This year, the town’s New Year’s Eve celebration will look a little different than years past.
After three years of launching the annual fireworks display from the Idarado tailings pile near the East End, the town will be launching the fireworks a little closer to home, atop the New Sheridan Bar rooftop deck.
Although the celebration is organized by the town, the Telluride Fire Protection District is contracted to run the fireworks portion of the event.
The fire department has spent several months planning for the new location and is using a different type of firework than years past, “close-proximity fireworks,” which are designed for use near crowds, according to David Wadley, the battalion chief of the Telluride Fire District.
Wadley said that these types of fireworks often are shot off during concerts and football games.
“There is nothing exploding in the air, people don’t have to worry about their pets or safety,” Wadley said. “They burn going up, they are not very big and they don’t explode, they are small as far as fireworks go.”
Wadley said the show was designed specifically with the town in mind.
“We brought in some specialists that worked on the Salt Lake Olympics (in 2002) and do things for other major concerts and designed it specifically for that location (atop the bar),” he said.
Although close-proximity fireworks are considered safe, and are used with crowds in mind, Wadley said they are taking every precaution.
“We have firefighters with thermal imaging cameras on each rooftop, and we have firefighters in full gear on, standing by,” he said. “We have observers surrounding the block.”
The fireworks are a fairly recent addition to Telluride traditions and the event was created more out of a reaction to New Year’s Eve’s festivities already happening in town, according to Town Manager Greg Clifton.
“With all the craziness and open containers and fireworks (in previous years) a decision was made to put some structure into the whole thing and make it fun and make it family friendly,” Clifton said.
The celebration will include a countdown emceed by Mayor Sean Murphy, music at the courthouse steps and free hot chocolate to keep everyone toasty.
Clifton gave “major props” to the Telluride Fire Department for overseeing the fireworks display.
“We are having so many discussions to make sure things stay safe here,” Clifton said. “These are not the kind of fireworks that blow up or make loud noises.
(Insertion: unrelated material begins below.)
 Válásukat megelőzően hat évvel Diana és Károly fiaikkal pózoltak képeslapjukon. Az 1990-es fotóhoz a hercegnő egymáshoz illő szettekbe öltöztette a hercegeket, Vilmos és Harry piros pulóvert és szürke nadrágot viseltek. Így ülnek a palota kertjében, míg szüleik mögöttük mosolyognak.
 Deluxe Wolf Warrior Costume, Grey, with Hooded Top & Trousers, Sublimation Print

It is a visual thing not a loud thing.
“We like to remind people to please be aware that open containers are unlawful as are personal fireworks and we will be enforcing.,” he said
Clifton added that all cars need to be cleared on Colorado Avenue between Aspen and Fir Streets by 11 p.m. on New Year’s Eve.
Early in the evening, Telluride Ski Resort will be hosting its own tradition with the New Year’s Eve Torchlight Parade and Fireworks.
From 6:30-7:30 p.m., members of the ski school program will ski and snowboard down the Misty Maiden run toward Mountain Village and the Telluride Trail toward town.
The torches are actually road flares from the Department of Transportation, said Shannon Gibbs, spokeswoman for Telluride Ski Resort.
The tradition has taken place since 1972 and was originally started by ski patrollers, according to Gibbs.
“It is just a really festive and fun event, especially when you see the fireworks go off,” Gibbs said. “It is something unique and different to see, and a great way to celebrate the New Year.”
The fireworks can only be seen from the Town of Mountain Village and will be launched around 6:30 p.m.